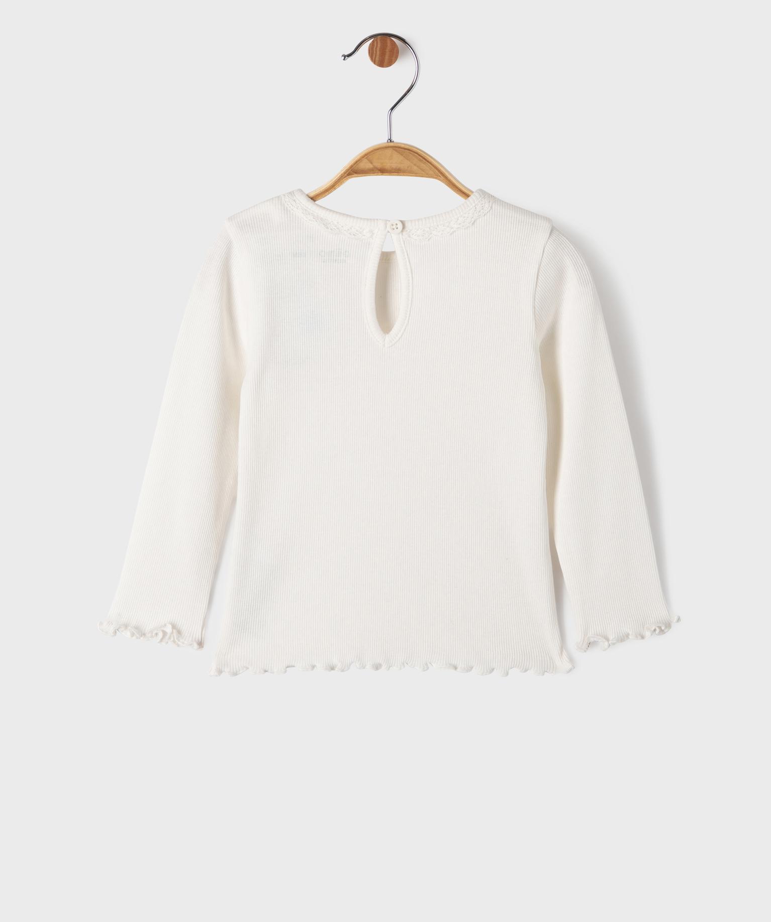 Tee-shirt manches longues avec finitions froncées bébé fille blanc
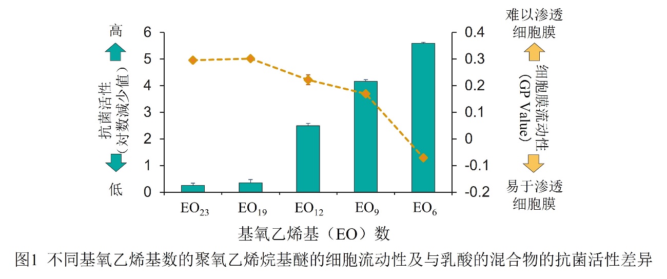 在长期积累的研究成果的基础上,花王尝试将能够提高人体皮肤表面天然的抗菌屏障功能的图层剂投入应用。该制剂为酸性(pH= 4.0)需涂布于皮肤表面,其中含有能作用于细菌和病毒的乳酸,以确保手部表面酸性环境。在选择作为基液的界面活性剂时,经过监测比对,选定了在酸性条件下较为稳定的聚氧乙烯烷基醚。为能同时满足使乳酸更易渗透入细菌的细胞膜这一条件而进行研究后发现,基氧乙烯基(EO)的数量越少,衡量细胞膜流动性的指标GP-Value*5就越低,乳酸也就越容易穿透细胞膜,并且,在使用含有乳酸的混合物时,对沙雷氏菌的抗菌活性*6也提高了(图1)。
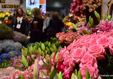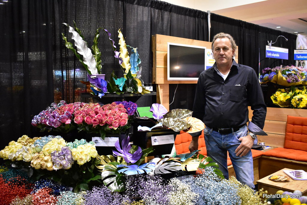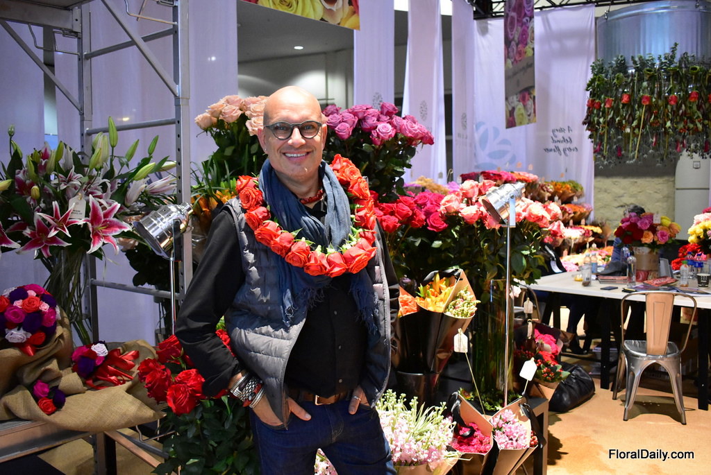 Pieter Landman, creative director at Color Republic, one of the largest importers in Ecuador with own farms. They grow many roses, but also lilies and summer flowers. They supply to US and Canadian supermarkets. Besides selling flowers, they also merchandise, advise, and train in order to    let the flowers sell more easily. The slogan of the company is “A story behind every flower” and this is referring to the feeling that arise when someone get flowers. And at the show, they let these positive feelings arise at the visitors as they handed out necklaces of roses. In total, they handed out 6000 roses.

_Work instructions_.
Go through the material above and repeat it exactly. Omit the pictures.

_Task result_.
 Tee-shirt manches longues avec finitions froncées bébé fille blanc
 在长期积累的研究成果的基础上,花王尝试将能够提高人体皮肤表面天然的抗菌屏障功能的图层剂投入应用。该制剂为酸性(pH= 4.0)需涂布于皮肤表面,其中含有能作用于细菌和病毒的乳酸,以确保手部表面酸性环境。在选择作为基液的界面活性剂时,经过监测比对,选定了在酸性条件下较为稳定的聚氧乙烯烷基醚。为能同时满足使乳酸更易渗透入细菌的细胞膜这一条件而进行研究后发现,基氧乙烯基(EO)的数量越少,衡量细胞膜流动性的指标GP-Value*5就越低,乳酸也就越容易穿透细胞膜,并且,在使用含有乳酸的混合物时,对沙雷氏菌的抗菌活性*6也提高了(图1)。
 Pieter Landman, creative director at Color Republic, one of the largest importers in Ecuador with own farms. They grow many roses, but also lilies and summer flowers. They supply to US and Canadian supermarkets. Besides selling flowers, they also merchandise, advise, and train in order to    let the flowers sell more easily. The slogan of the company is “A story behind every flower” and this is referring to the feeling that arise when someone get flowers. And at the show, they let these positive feelings arise at the visitors as they handed out necklaces of roses. In total, they handed out 6000 roses.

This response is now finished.